Is there a limit to the number of replacement pairs?
There is one pair per pass — there is no grid for multiple pairs. To apply many variants you run consecutive passes, feeding each output back into the tool, or you combine same-target variants into one Regex alternation. Plan your taxonomy as a sequence of passes.
Why didn't `Men’s Shoes` get folded with `Men's Shoes`?
They use different apostrophe characters — a curly ’ (U+2019) versus a straight ' (U+0027). The matcher treats them as distinct text. Run a normalising pass first (Find the curly ’, replace with the straight '), then map categories so both rows share one canonical string.
Does case matter when folding categories?
By default no — matching is case-insensitive, so MENS SHOES, mens shoes, and Mens Shoes all match one Find. The replacement is always written exactly as you typed it, giving uniform casing in the output. Tick Case sensitive only if a supplier uses casing meaningfully.
Will the header row get rewritten if my canonical word is also a column name?
No. Row 0 is never modified, so a Category heading (or any header that happens to match your Find) is preserved. The trade-off is that headerless files will have their first data row skipped — add a placeholder header if your feed has none.
How do I avoid turning `Accessory` into `Accessoriesies`?

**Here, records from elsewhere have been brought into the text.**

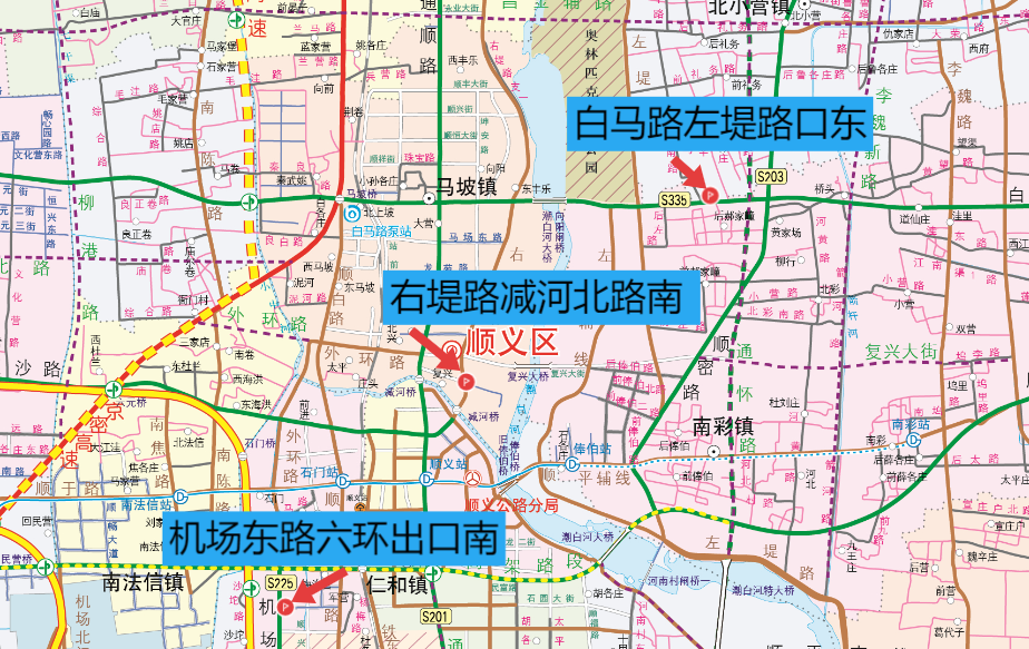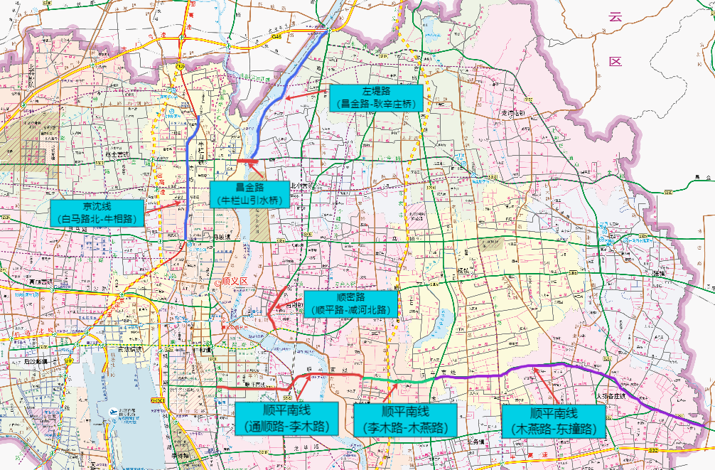 2.顺密路(顺平路至减河北路)施工,机动车、非机动车及行人可绕行左堤路、通怀路等周边道路。
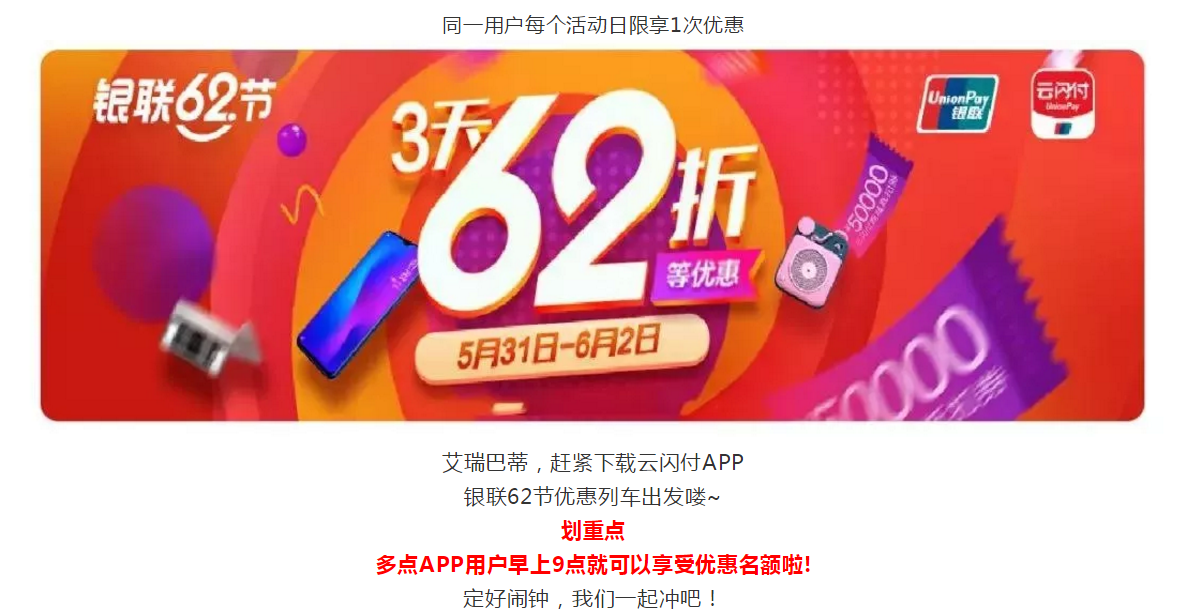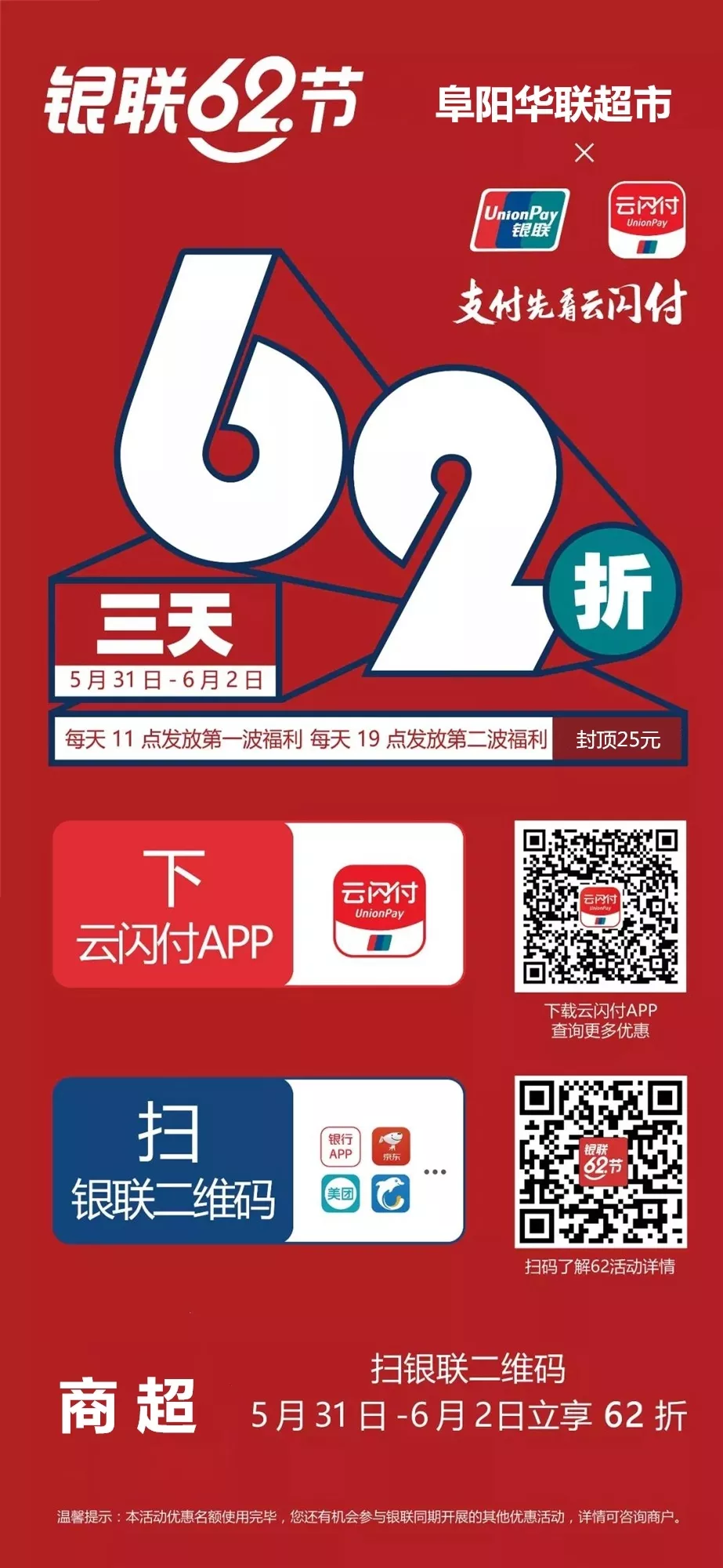 【阜陽(yáng)華聯(lián)】銀聯(lián)62節,3天62折!百萬(wàn)現金等你來(lái)瓜分!
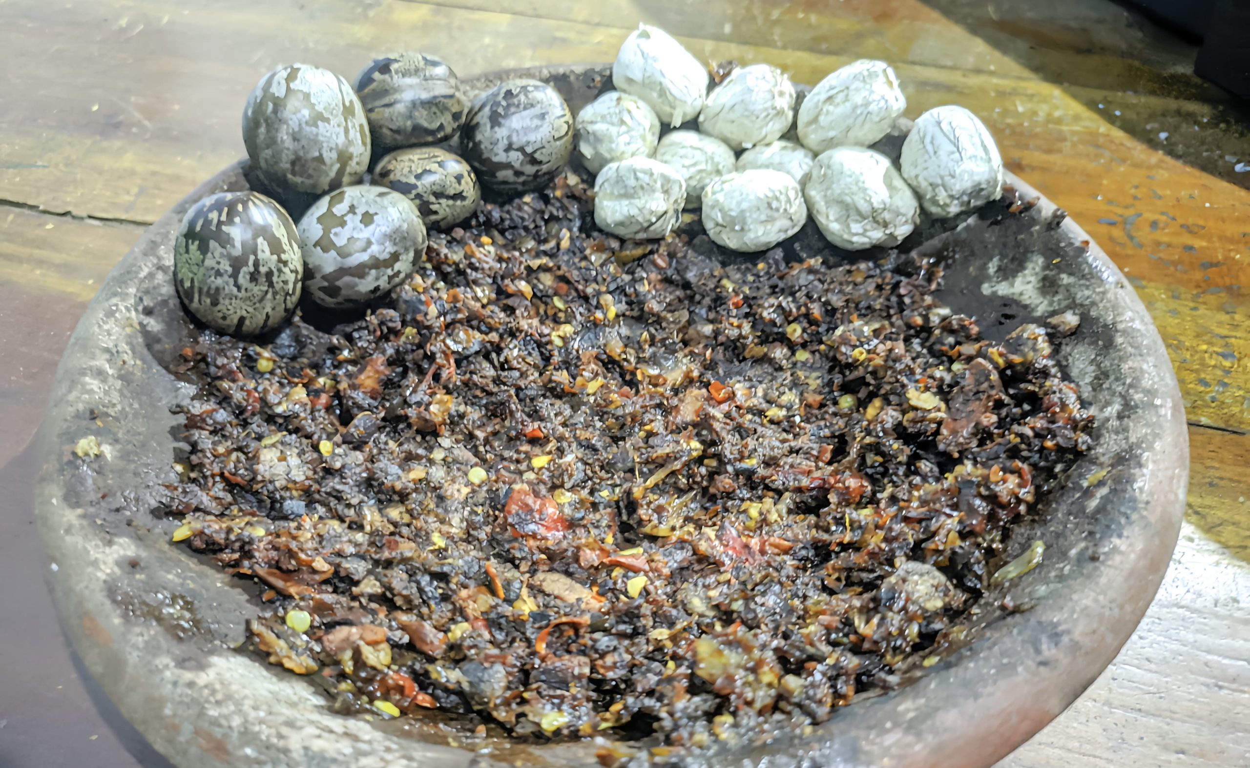 Terakhir, ulek daging biji karet dengan bahan yang sudah digoreng dan bumbu lainnya. Dirinya juga bercerita, sekarang biji karet sudah mulai langka karena pihak perkebunan karet membatasi pertumbuhan karet untuk mengeluarkan biji. Hal ini dilakukan pihak pengelola perkebunan untuk meningkatkan produksi karet.
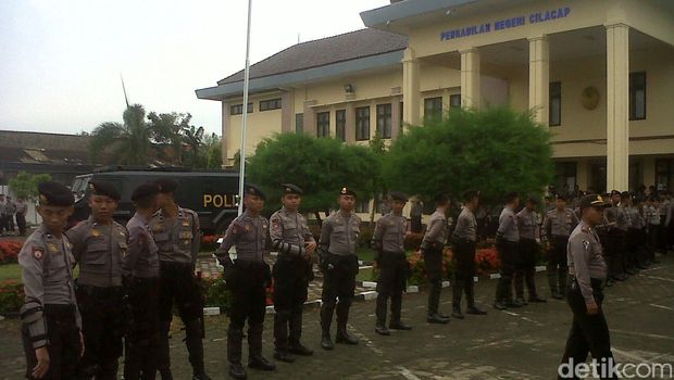Tampak polisi menjaga ketat di sekitar PN Cilacap. |
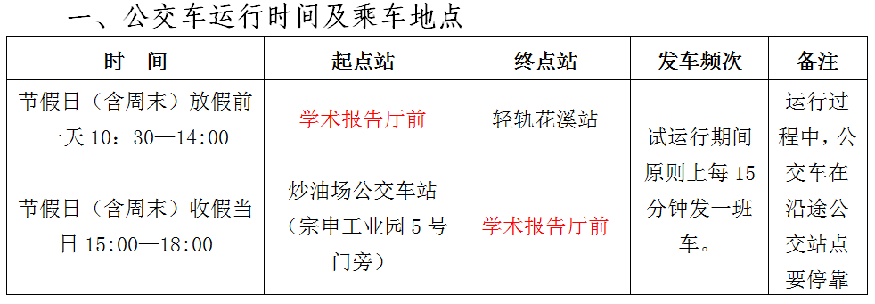 为缓解全校师生节假日(含周末)出行及返校乘车难问题,经多方协调,2016年5月20日正式开通了学校至炒油场公交专线。经过一周的试运行,在广泛征求师生意见基础上,现将学校至炒油场公交专线发车站点调整的相关事宜公告如下:
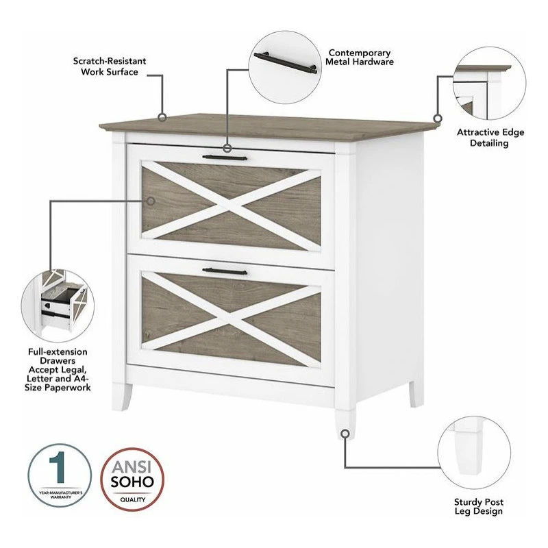 A natural fit for homes that embrace coastal and farmhouse decor, the Scranton & Co Furniture Key West 2 Drawer Lateral File Cabinet is perfect for organizing paperwork in virtually any room. Two file drawers open on smooth full-extension ball bearing slides for an easy reach to legal and letter size documents. A unique X pattern accent on the drawer panels creates a relaxed style supported by a sturdy and attractive post leg design. This 30W x 20D x 30H lateral filing cabinet matches the height of any Key West Desk (sold separately) to create an extended work surface when placed side by side. The Key West Collection offers a wide variety of farmhouse furniture that makes building a complete home office or living room a breeze. This 2 drawer filing cabinet is tested to meet ANSI/SOHO quality standards for safety and performance and is backed by the Scranton & Co Furniture 1 Year Manufacturer’s Warranty.

Anchor the match. In Regex mode, Find ^Accessory$ only changes cells equal to Accessory, leaving Accessories alone. Without anchors, a literal Find matches the prefix inside the longer word and double-suffixes it.
What does the replacements number mean?
It's the count of cells that changed, not occurrences. A category that appeared in 40 product rows shows 40 — a quick check that you caught the variant you expected. All occurrences within a single cell are replaced (global match), but that still counts as one cell.
Which file types and how big?
.csv, .tsv, and .txt, with delimiter auto-detection (handy for tab-delimited marketplace feeds). Free tier allows up to 2 MB / 500 rows; Pro lifts both. For large feeds, split with csv-row-splitter and recombine with csv-merger.
Is my supplier feed sent to a server?
No. Parsing and replacement run in your browser via PapaParse. Product data, costs, and supplier identifiers stay on-device. Only an anonymous run counter is stored server-side for signed-in dashboard stats, and you can opt out in settings.
After folding categories, how do I confirm the duplicates are gone?
Run csv-duplicate-finder on the category column to confirm only canonical values remain, or csv-sorter to eyeball them grouped. For broader feed cleanup (whitespace, empty rows) before mapping, csv-cleaner is the companion tool.
Can I script category normalisation for a recurring feed?
Yes. GET /api/v1/tools/csv-find-replace returns the option schema (find, replace, caseSensitive, useRegex); pair the @jadapps/runner and POST to 127.0.0.1:9789/v1/tools/csv-find-replace/run. Since each call is one pair, a normalisation pipeline strings together one runner call per regex pattern on each scheduled supplier export.
Privacy first
Processing runs locally in your browser with PapaParse. No file is uploaded — only metadata counters are saved for signed-in dashboard stats.